(Records)

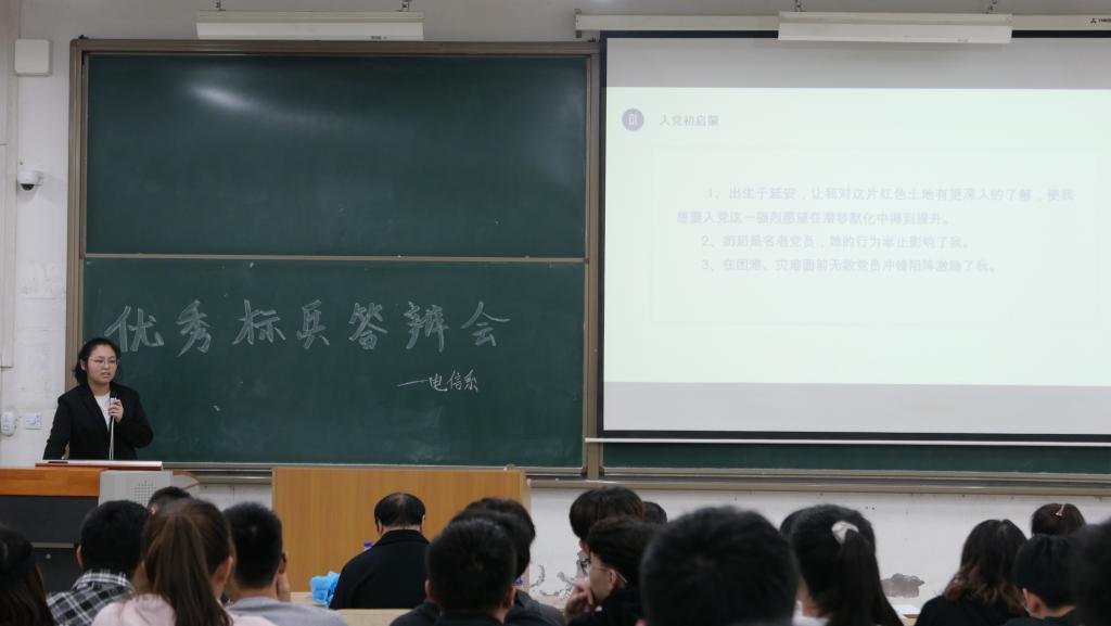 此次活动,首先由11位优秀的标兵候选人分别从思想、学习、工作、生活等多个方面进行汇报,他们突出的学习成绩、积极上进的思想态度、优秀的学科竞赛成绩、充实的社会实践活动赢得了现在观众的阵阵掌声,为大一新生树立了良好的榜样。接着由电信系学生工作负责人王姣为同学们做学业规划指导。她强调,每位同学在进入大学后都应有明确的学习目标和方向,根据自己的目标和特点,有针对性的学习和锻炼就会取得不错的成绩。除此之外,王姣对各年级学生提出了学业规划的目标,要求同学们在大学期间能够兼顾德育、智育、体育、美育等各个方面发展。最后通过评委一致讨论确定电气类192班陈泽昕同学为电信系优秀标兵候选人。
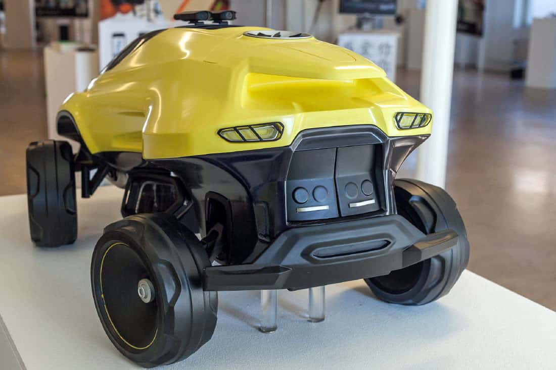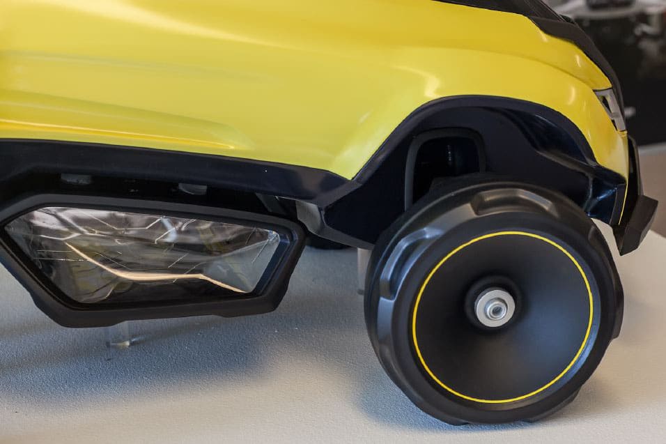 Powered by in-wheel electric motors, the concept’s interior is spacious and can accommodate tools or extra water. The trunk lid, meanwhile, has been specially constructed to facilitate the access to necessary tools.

(End Records)
(Records)

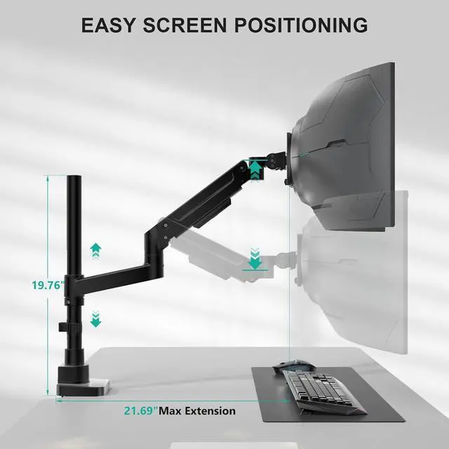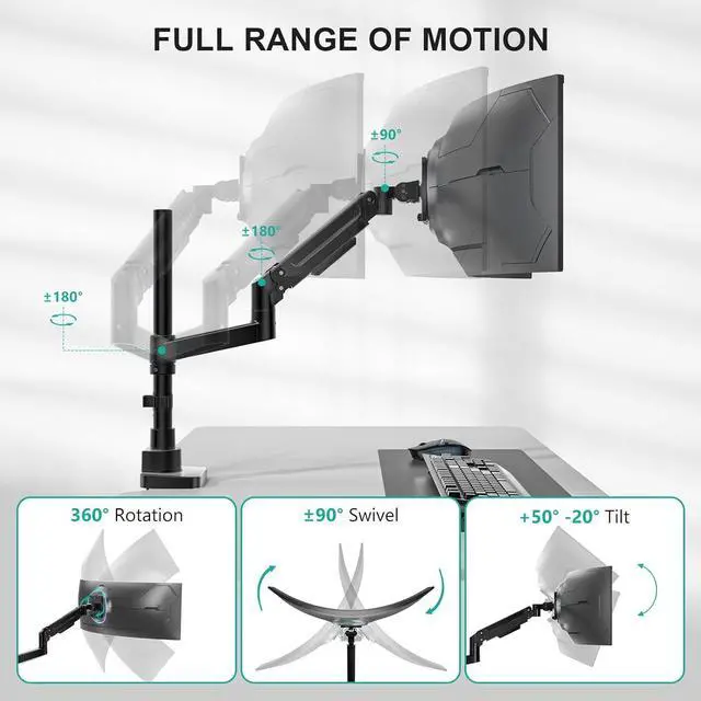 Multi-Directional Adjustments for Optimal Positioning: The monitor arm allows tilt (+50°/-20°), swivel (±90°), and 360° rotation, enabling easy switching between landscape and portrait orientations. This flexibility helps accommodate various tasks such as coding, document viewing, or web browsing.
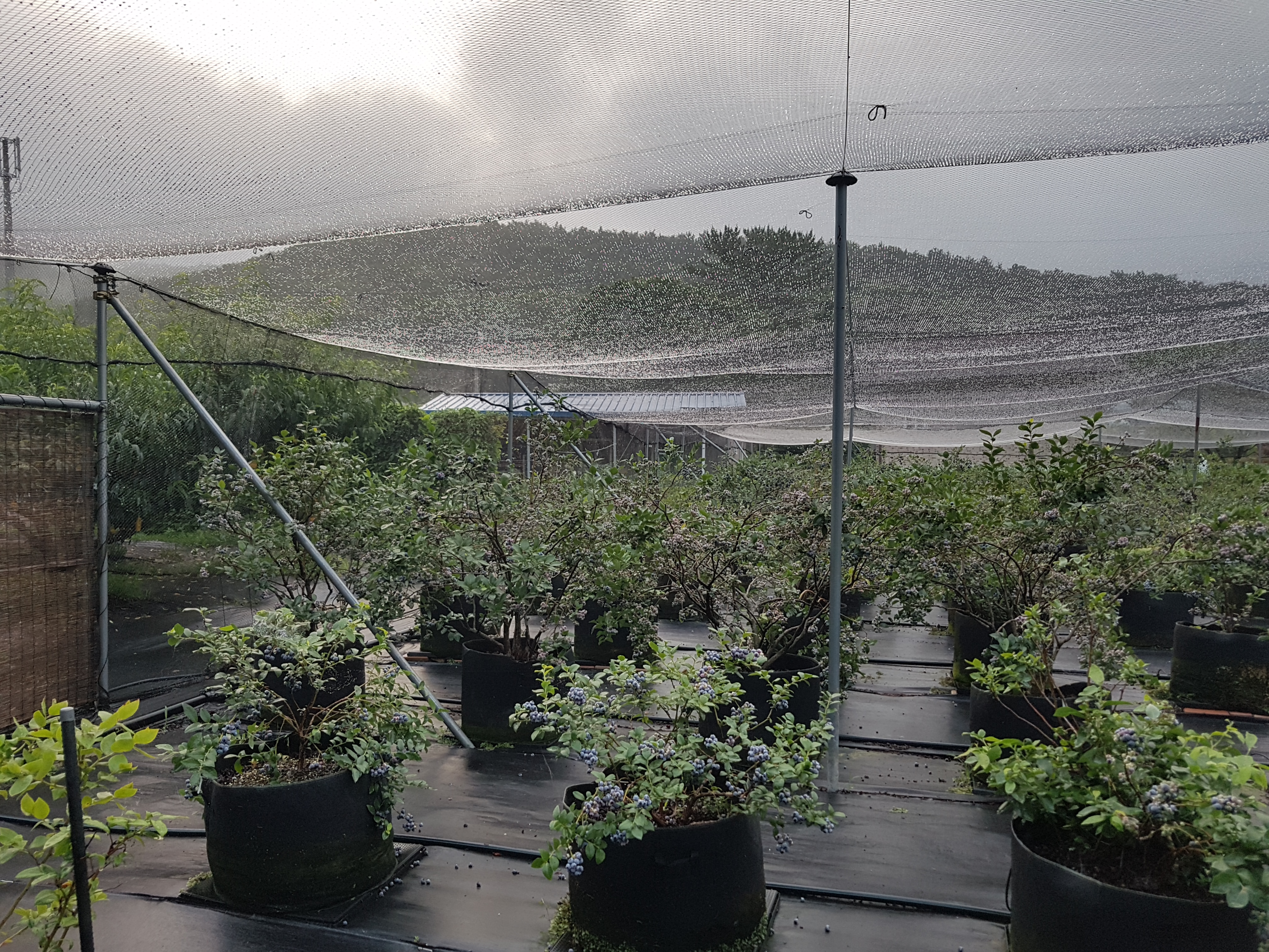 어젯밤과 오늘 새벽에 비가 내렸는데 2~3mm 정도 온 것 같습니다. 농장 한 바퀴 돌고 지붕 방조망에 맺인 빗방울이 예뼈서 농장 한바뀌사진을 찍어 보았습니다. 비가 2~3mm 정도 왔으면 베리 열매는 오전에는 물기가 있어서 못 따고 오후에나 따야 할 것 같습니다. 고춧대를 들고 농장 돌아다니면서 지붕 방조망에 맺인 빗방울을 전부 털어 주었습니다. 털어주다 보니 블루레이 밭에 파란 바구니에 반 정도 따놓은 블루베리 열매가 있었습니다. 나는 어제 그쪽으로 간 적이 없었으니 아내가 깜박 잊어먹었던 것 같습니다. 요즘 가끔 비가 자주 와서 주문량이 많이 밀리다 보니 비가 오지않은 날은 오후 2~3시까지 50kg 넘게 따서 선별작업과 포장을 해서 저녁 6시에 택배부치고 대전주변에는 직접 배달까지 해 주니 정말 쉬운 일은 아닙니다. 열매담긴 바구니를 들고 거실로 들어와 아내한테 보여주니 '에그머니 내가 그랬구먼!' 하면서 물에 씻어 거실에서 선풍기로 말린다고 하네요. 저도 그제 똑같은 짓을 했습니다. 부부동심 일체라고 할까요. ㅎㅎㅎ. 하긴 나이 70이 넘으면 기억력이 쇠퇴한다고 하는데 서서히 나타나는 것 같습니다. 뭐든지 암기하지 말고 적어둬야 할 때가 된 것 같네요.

(End Records)
(Records)

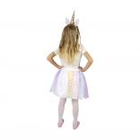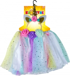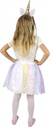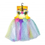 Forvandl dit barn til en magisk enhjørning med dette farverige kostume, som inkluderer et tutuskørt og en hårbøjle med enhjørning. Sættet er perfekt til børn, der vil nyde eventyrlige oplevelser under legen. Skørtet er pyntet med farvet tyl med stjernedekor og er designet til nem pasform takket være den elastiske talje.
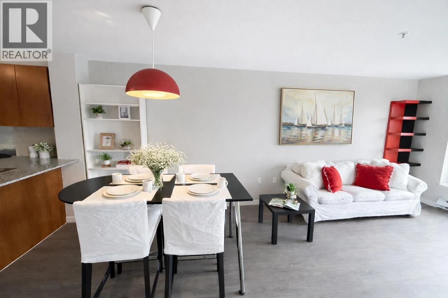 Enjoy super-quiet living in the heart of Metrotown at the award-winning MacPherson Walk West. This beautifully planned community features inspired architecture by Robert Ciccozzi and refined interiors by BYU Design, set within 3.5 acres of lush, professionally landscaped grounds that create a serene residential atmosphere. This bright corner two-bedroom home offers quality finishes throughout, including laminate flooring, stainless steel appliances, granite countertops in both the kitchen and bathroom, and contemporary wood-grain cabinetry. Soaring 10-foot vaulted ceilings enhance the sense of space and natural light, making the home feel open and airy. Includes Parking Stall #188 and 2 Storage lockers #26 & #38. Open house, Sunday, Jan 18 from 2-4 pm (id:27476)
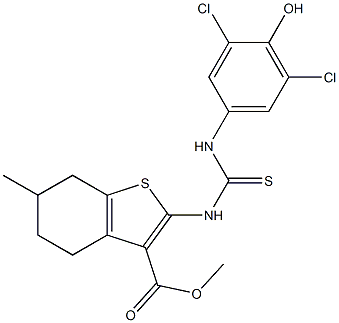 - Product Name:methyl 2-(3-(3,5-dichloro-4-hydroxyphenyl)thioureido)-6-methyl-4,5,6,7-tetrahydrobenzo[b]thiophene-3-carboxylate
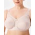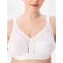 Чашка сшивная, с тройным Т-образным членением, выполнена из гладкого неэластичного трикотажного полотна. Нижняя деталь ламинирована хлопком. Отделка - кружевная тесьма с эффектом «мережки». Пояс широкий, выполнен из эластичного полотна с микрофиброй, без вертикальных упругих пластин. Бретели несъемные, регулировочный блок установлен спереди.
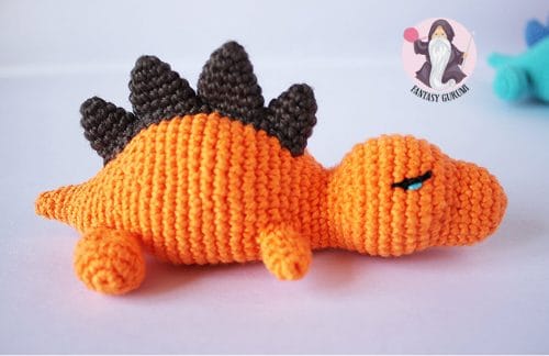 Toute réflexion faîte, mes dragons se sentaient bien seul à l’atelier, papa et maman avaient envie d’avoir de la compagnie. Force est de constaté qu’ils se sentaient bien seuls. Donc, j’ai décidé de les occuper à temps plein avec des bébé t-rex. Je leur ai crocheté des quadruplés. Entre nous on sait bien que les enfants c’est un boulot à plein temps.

(End Records)

* [Problem] Please repeat the lines of the material above exactly, starting with the line that contains "此次活动,首先由11位优秀的" and ending with the line that contains "Powered by in-wheel". Leave the pictures out.

* [Your solution]
 此次活动,首先由11位优秀的标兵候选人分别从思想、学习、工作、生活等多个方面进行汇报,他们突出的学习成绩、积极上进的思想态度、优秀的学科竞赛成绩、充实的社会实践活动赢得了现在观众的阵阵掌声,为大一新生树立了良好的榜样。接着由电信系学生工作负责人王姣为同学们做学业规划指导。她强调,每位同学在进入大学后都应有明确的学习目标和方向,根据自己的目标和特点,有针对性的学习和锻炼就会取得不错的成绩。除此之外,王姣对各年级学生提出了学业规划的目标,要求同学们在大学期间能够兼顾德育、智育、体育、美育等各个方面发展。最后通过评委一致讨论确定电气类192班陈泽昕同学为电信系优秀标兵候选人。
 Powered by in-wheel electric motors, the concept’s interior is spacious and can accommodate tools or extra water. The trunk lid, meanwhile, has been specially constructed to facilitate the access to necessary tools.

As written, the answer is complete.